With this Sunday’s Hebrew Scripture passage, we move on from the ancestral sagas that featured the three patriarchs of Israel (Abraham, Isaac, and Jacob) and their four matriarchs (Sarah and Rebekah, Leah and Rachel), as well as the twelve sons of Jacob, their sister Dinah, and the escapades in Egypt that proved to be their salvation. We move now into the story of Moses, who occupies a unique place in the story of Israel: Moses the lawgiver, Moses the prophet, Moses the teacher.

Whereas land has been the location for the Genesis stories, with movement happening between Chaldea (later Babylonia), Canaan (later Israel), and Egypt, water now enters the story in a significant way. Indeed, water is present and plays a prominent role in both readings from the Hebrew Scriptures that the lectionary provides for this coming Sunday (Exod 1:8–2:10; Psalm 124).

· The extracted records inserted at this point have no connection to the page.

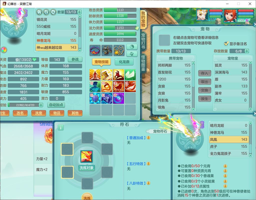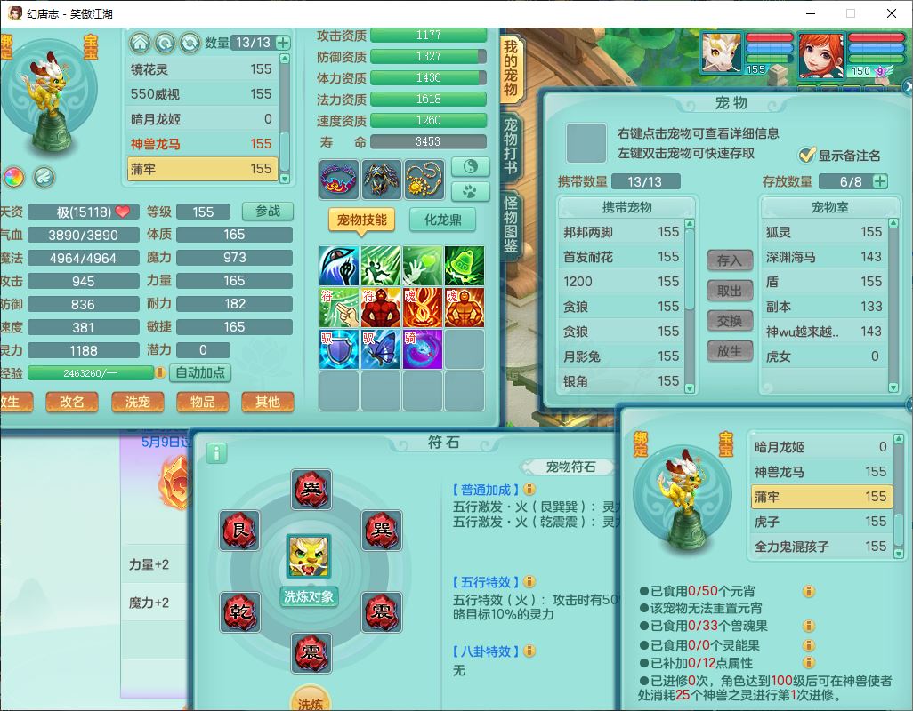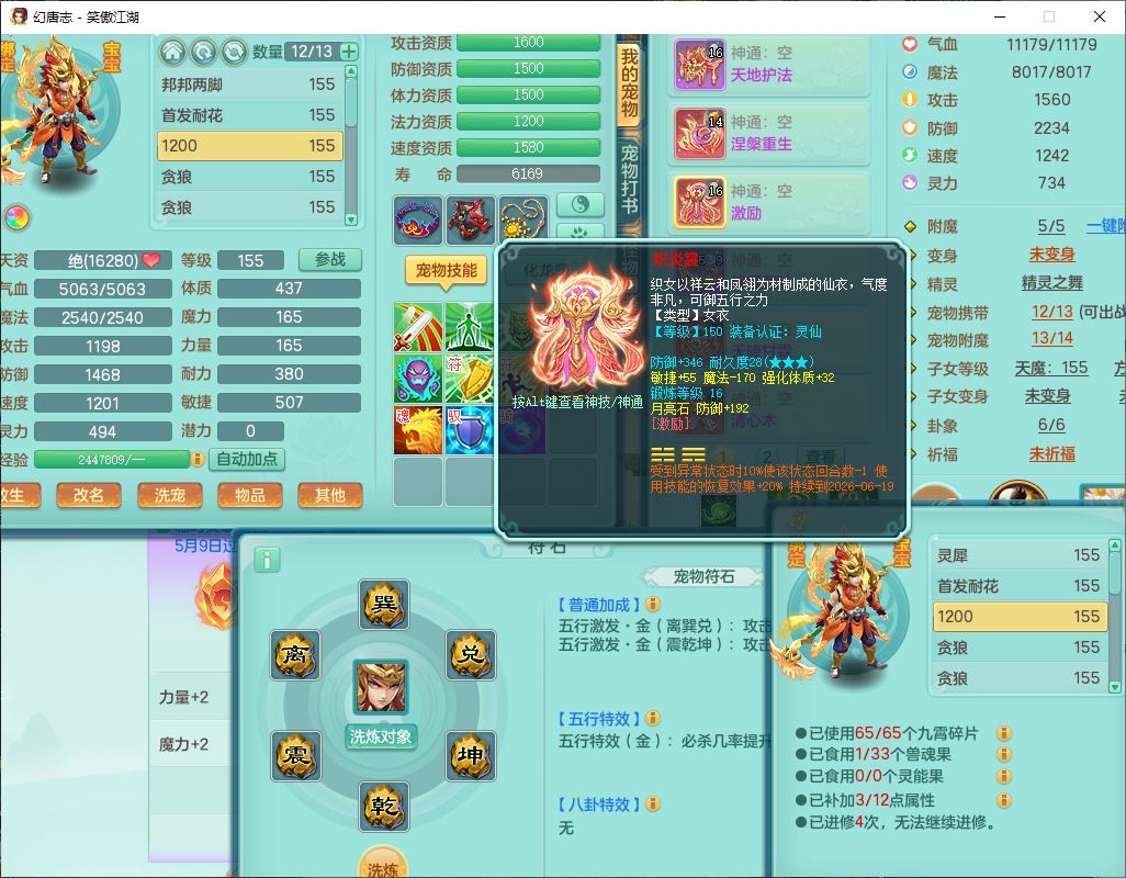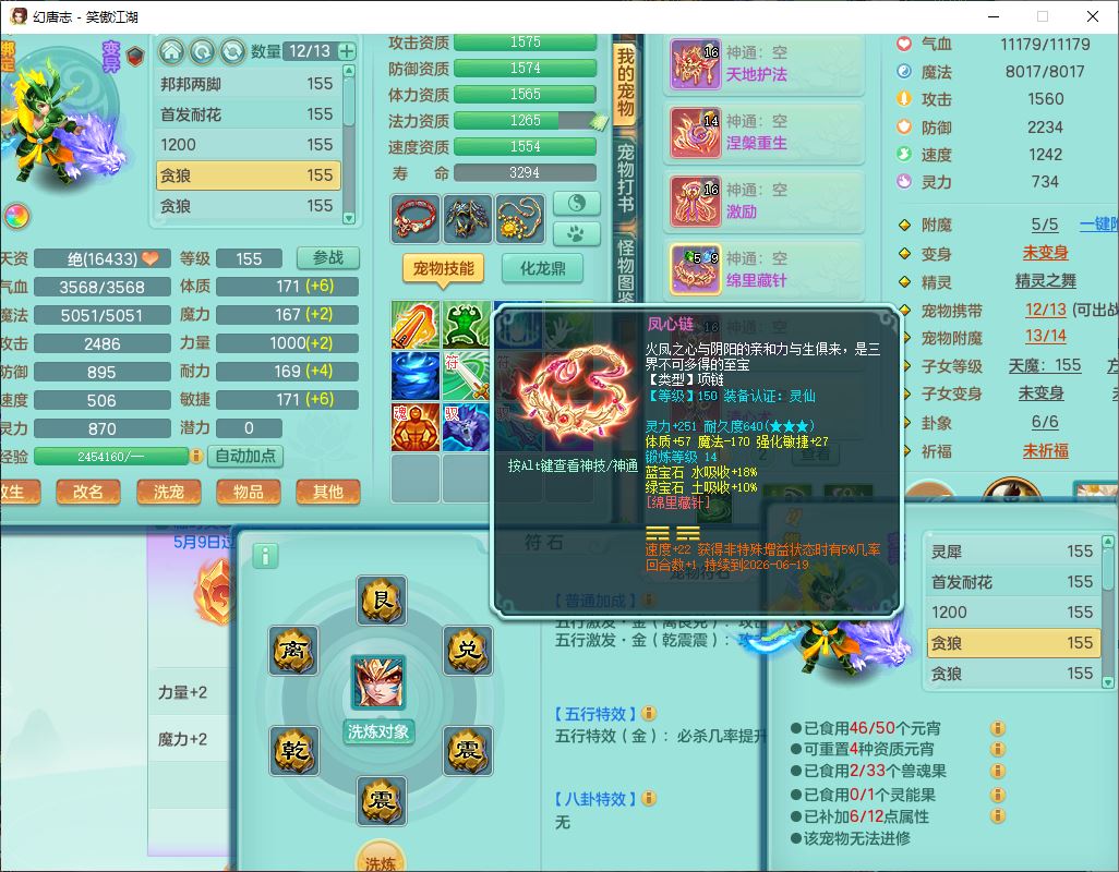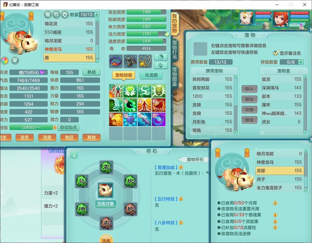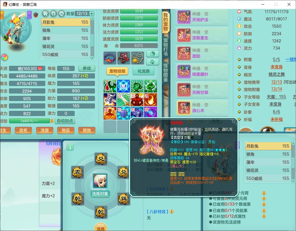 4385笑傲江湖159女无量精灵舞,1龙马(无内)2镜花,宝宝种类齐全,装备齐全,11个仙兽灵,25个内丹碎片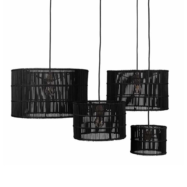 The Black tube lampshade is made of 100% rattan . It convinces with its minimalist and completely organic design . The set of 4 suspensions will adapt to all interior styles. The set is made up of four lampshades of different sizes for a perfect and original decoration . Hang the lampshades, available, separately above a dining table or as a set in the corner of your living room . You will undoubtedly fall in love with these magnificent suspensions.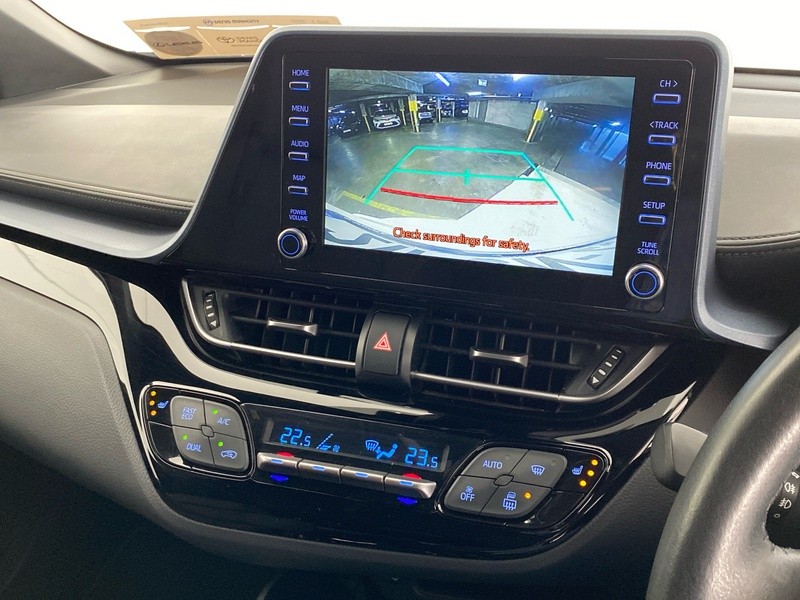 - In Stock Now | (01) 864 7500 | info@denismahony.ie | Included on this Toyota CHR are features such as pearl white exterior, black cloth interior, 18” alloy wheels, electric windows, reversing camera, dual climate control, air conditioning, push button start, cruise control, Bluetooth, leather multi-function steering wheel, digital touch screen, heated front seats, and much more.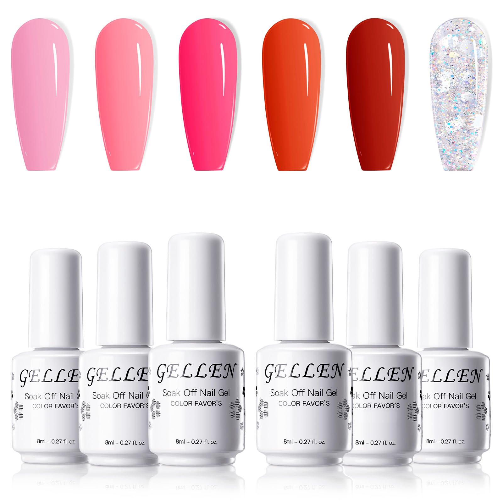 Gellen Gel Nail Polish Kit - 6 Stunning Colors Baby Pink Burgundy Rose Red Glitter Silver Gel Polish Set White Glitter Gel Polish Soak Off LED Gel Polish for Women Pageant Queen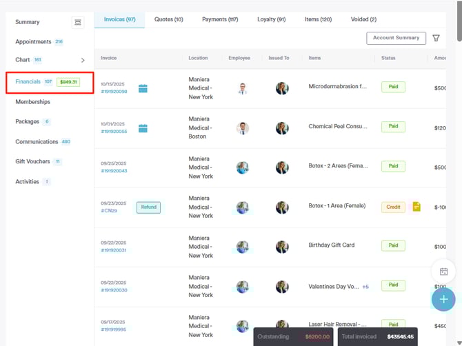 After selecting the client, in the client card you will find the "Financials" tab. This tab contains a record of all payments made by the client.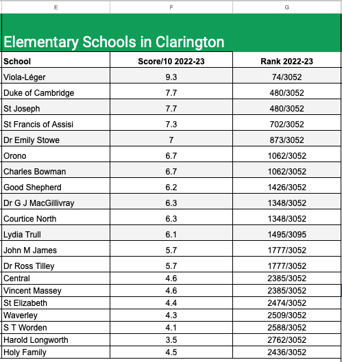 Below, you’ll find a comparison table of Clarington’s elementary schools, listed by Fraser Institute score, along with more detailed profiles and direct links to each school’s website—helping you make the best choice for your child’s education.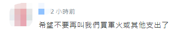 更有人表示,“希望不要再叫我們買軍火或其他支出了”。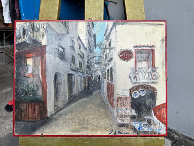 Dipinto ad olio su legno raffigurante un vicolo con edifici. - Dimensioni: 30x40 cm. - Tecnica: Olio su legno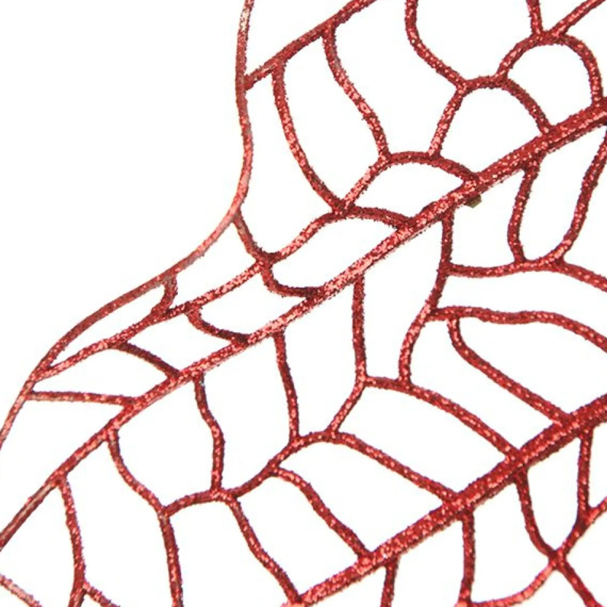Sparkling Red Mesh Palm Leaf Pick With Glitter Finish Ideal For Christmas Arrangements, Tree Toppers Or To Embellish Your Christmas Tree.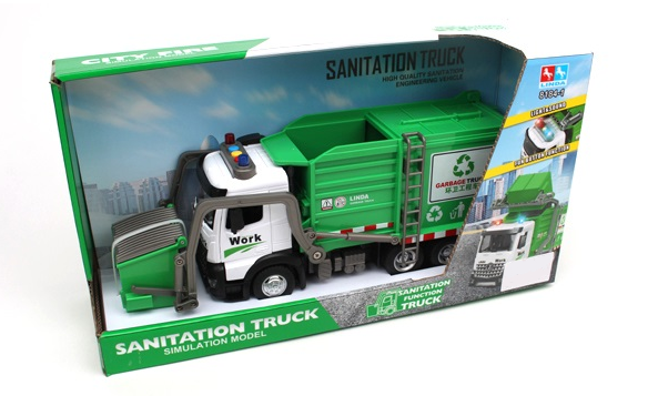 Реалистичен камион за боклук, вдъхновен от градските сервизни машини! Играчката впечатлява с детайлен дизайн, подвижен заден контейнер и здрав корпус, който издържа на активна игра.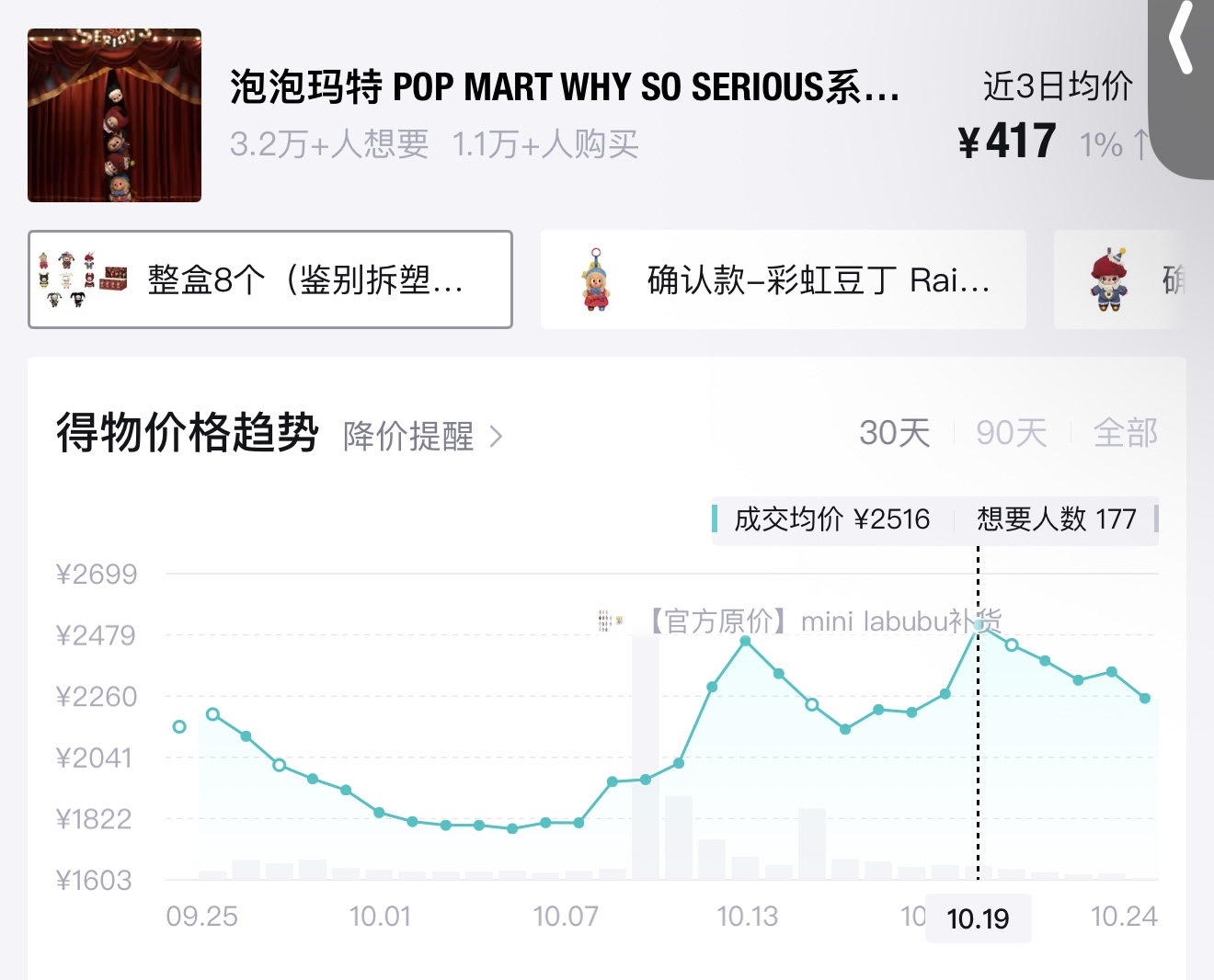 从近期市场热度看,该系列手办热度不及同为全明星阵容的万圣节“WHY SO SERIOUS”系列,该系列端盒原价1272元,最高成交均价2516元,其中,隐藏款“月影假面”成交价由159元涨至1999元,溢价11.6倍。
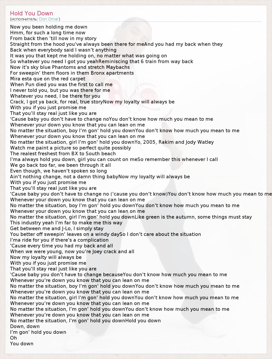 А как ты думаешь, о чем песня "Hold You Down" ?
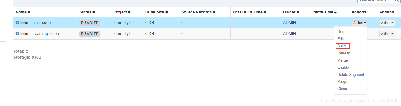 - http://ip:7070/kylin 用户名/密码 ADMIN/KYLIN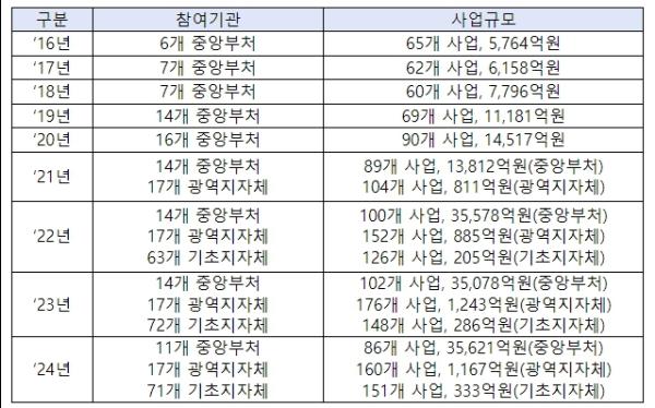 [지자체] 서울시가 강동구, 마포구 등 기초지자체 13개 기관과 함께 33개 사업을 통해 385억원(25.5%)을 지원한다. 그리고 경기도(12개 기관, 41개 사업, 153억원(10.2%)), 경상남도(8개 기관, 30개 사업, 107억원(7.1%)), 부산시(4개 기관, 23개 사업, 106억원(7.0%)), 광주시(4개 기관, 14개 사업, 105억원(7.0%)) 순으로 많은 예산을 투입하여 지원한다.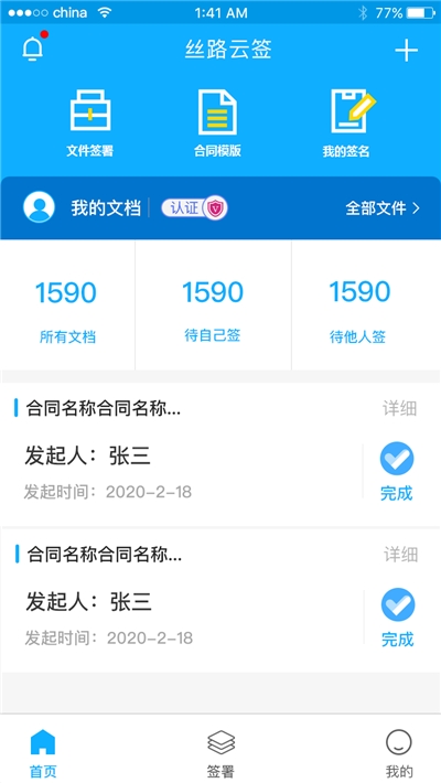 丝路签app是一款权威的第三方电子合同签署平台,使用这款软件可以轻松地管理电子合同,能够自定义合同模板,能够快速的推送签约通知,快速的实现线上签约,具有同样的法律效应。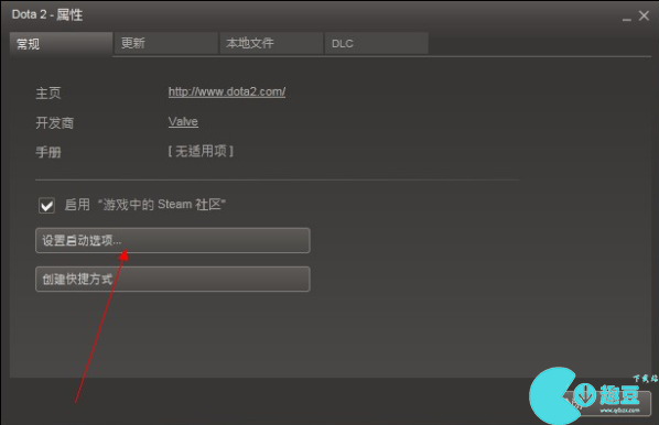 2、然后会进入DOTA2的属性界面,在常规里面点击设置启动选项;

In the story told in Exodus, the situation of the Israelites is grim. Whilst life in the time of Joseph had been flourishing, in this story, “a new king arose over Egypt who did not know Joseph” (Exod 1:8). The situation of the Israelite descendants of Joseph was marred by envy (v.9), distrust and scheming (v.10), oppression (v.11), intensified fear (v.12), and the ruthless imposition of tasks (v.13).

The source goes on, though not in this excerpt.